Your assignment: Every line below from the one containing "Zugsgarnitur mit der" through the one containing "Deux kakémonos ont" must be transcribed exactly. Omit all lines outside that stretch.
========
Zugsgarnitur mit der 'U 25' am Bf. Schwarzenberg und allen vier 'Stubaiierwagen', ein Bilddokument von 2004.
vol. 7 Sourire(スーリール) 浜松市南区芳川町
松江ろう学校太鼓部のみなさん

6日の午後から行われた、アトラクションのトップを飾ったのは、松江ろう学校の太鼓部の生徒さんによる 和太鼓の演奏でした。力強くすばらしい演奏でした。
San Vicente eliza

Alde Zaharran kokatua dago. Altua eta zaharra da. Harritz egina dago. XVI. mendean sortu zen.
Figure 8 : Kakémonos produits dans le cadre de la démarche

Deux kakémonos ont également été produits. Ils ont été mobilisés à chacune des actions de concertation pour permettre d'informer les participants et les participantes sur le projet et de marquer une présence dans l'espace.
========
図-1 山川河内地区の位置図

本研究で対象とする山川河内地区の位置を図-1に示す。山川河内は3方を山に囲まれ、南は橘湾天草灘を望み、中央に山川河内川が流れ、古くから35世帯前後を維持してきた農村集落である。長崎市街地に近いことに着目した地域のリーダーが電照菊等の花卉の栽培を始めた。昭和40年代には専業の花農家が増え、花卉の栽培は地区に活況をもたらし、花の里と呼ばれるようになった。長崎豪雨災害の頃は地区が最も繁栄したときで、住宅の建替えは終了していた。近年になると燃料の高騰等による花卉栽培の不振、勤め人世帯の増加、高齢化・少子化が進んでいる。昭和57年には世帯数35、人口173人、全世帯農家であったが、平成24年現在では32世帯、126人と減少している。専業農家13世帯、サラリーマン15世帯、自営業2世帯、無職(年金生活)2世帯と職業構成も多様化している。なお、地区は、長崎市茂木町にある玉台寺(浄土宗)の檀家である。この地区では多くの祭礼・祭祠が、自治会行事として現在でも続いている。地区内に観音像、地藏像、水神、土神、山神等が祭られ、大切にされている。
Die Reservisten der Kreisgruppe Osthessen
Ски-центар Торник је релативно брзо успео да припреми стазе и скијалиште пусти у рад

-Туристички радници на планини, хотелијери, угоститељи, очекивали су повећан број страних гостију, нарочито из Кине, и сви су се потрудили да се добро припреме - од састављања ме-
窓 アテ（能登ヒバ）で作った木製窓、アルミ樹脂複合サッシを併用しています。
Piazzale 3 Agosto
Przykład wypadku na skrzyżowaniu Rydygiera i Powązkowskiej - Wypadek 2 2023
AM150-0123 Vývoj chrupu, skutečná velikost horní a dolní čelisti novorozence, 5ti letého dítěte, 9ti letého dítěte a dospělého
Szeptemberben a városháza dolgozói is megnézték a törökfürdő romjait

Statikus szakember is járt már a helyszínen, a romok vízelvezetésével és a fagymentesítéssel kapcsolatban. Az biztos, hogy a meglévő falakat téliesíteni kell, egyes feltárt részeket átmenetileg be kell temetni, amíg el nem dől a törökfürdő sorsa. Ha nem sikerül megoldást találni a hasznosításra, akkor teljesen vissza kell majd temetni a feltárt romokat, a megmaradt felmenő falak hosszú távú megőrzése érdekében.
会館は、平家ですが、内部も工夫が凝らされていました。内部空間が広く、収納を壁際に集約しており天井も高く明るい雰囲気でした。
========
Written response:
Zugsgarnitur mit der 'U 25' am Bf. Schwarzenberg und allen vier 'Stubaiierwagen', ein Bilddokument von 2004.
vol. 7 Sourire(スーリール) 浜松市南区芳川町
松江ろう学校太鼓部のみなさん

6日の午後から行われた、アトラクションのトップを飾ったのは、松江ろう学校の太鼓部の生徒さんによる 和太鼓の演奏でした。力強くすばらしい演奏でした。
San Vicente eliza

Alde Zaharran kokatua dago. Altua eta zaharra da. Harritz egina dago. XVI. mendean sortu zen.
Figure 8 : Kakémonos produits dans le cadre de la démarche

Deux kakémonos ont également été produits. Ils ont été mobilisés à chacune des actions de concertation pour permettre d'informer les participants et les participantes sur le projet et de marquer une présence dans l'espace.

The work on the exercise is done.